The working medium is heated by the lower heat evaporator 20 and the middle heat evaporator 21 and is charged into the expansion turbine 22 as the high temperature vapor 30 </ b> A to drive the generator 23. Exhaust gas 31 of the expansion turbine 22 is condensed in the condenser 25, and is sent to the lower thermal evaporator 20 through the return path 32 by the booster pump 26. At that time, heat exchange is performed in the heat exchanger 27, the temperature of the exhaust 31 of the expansion turbine 22 is lowered, and the efficiency of the expansion turbine 22 is increased.
The pressure in the lower heat evaporator 20 and / or the middle heat evaporator 21 can be adjusted by pressure adjusting means corresponding to the required operating temperature.
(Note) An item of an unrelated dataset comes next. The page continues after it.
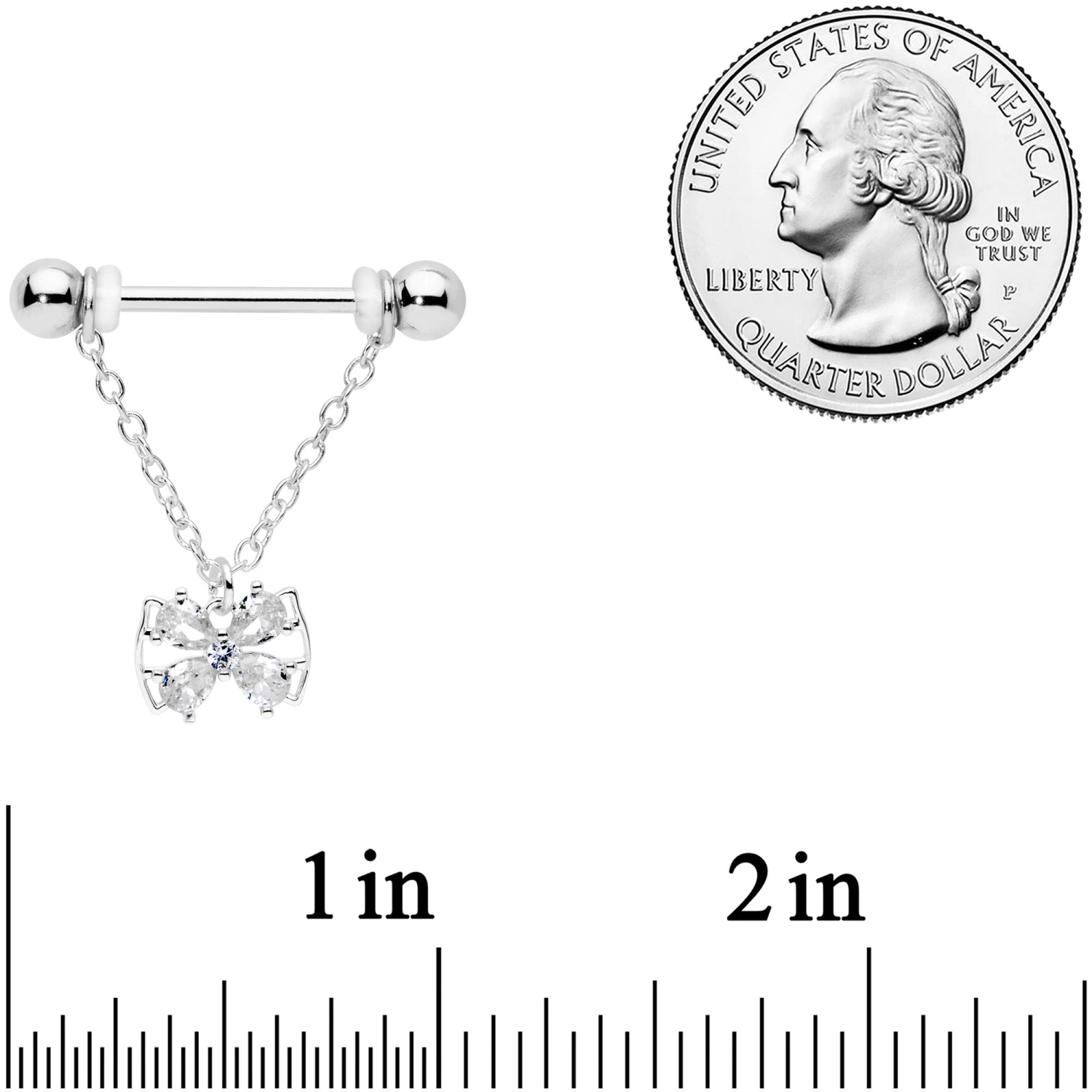 14 Gauge 11/16 Clear CZ Gem Beauty Bow Chain Dangle Nipple Ring Set

(Second Embodiment: Embodiment of the Invention of Claim 3)
In the second embodiment, a multi-component medium that is used as an absorbent and a refrigerant of an absorption heat pump can be suitably used as the working medium. Examples of the working medium include water-ammonia and R134a (tri-atom). Nitrofluoroethanol).
In the embodiment, for example, as shown in FIG. 3, the lower thermal evaporator 20, desirably the intermediate thermal evaporator 21 and the separator 36, the expansion turbine 22 and the generator 23, the condenser 25, The booster pump 26 and the first circulation system of the working medium are configured in this order.
A second circulation system 33 in which the low-concentration working medium separated by the separation unit 36 is merged with the turbine exhaust at the junction 24 between the expansion turbine 22 and the condenser 25 is formed. A heat exchanger 27 that exchanges heat between the circulation system 33 and the booster pump 26 and the lower heat evaporator 20 is provided.
Other configurations are the same as those of the first embodiment.
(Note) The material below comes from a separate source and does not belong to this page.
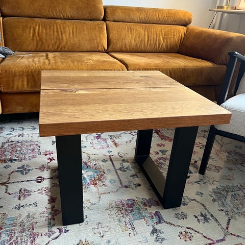 Planke sofabordi Natur eg som er matsort lakeret. Nypris kr. 4000. Vi sælger også spisebord som passer til H 75 B 100 D 220. Der følger 2 stk udtræksplader med på 50 cm, så bordet kan blive ialt 320 cm. Nypris kr. 10.000 sælges for kr 4000

  The steam S1 of the wet gas G after the combustion exhaust gas is brought into direct contact with the cooling dissolved water CW is used as a heating source for the lower thermal evaporator 20. The heated steam is used for other purposes, for example.

  On the other hand, a heat medium is circulated through the outer wall of the combustion furnace 1 to protect the road wall of the combustion furnace, and the heat of the heated heat medium after cooling is used as a heating source for the intermediate heat evaporator 21.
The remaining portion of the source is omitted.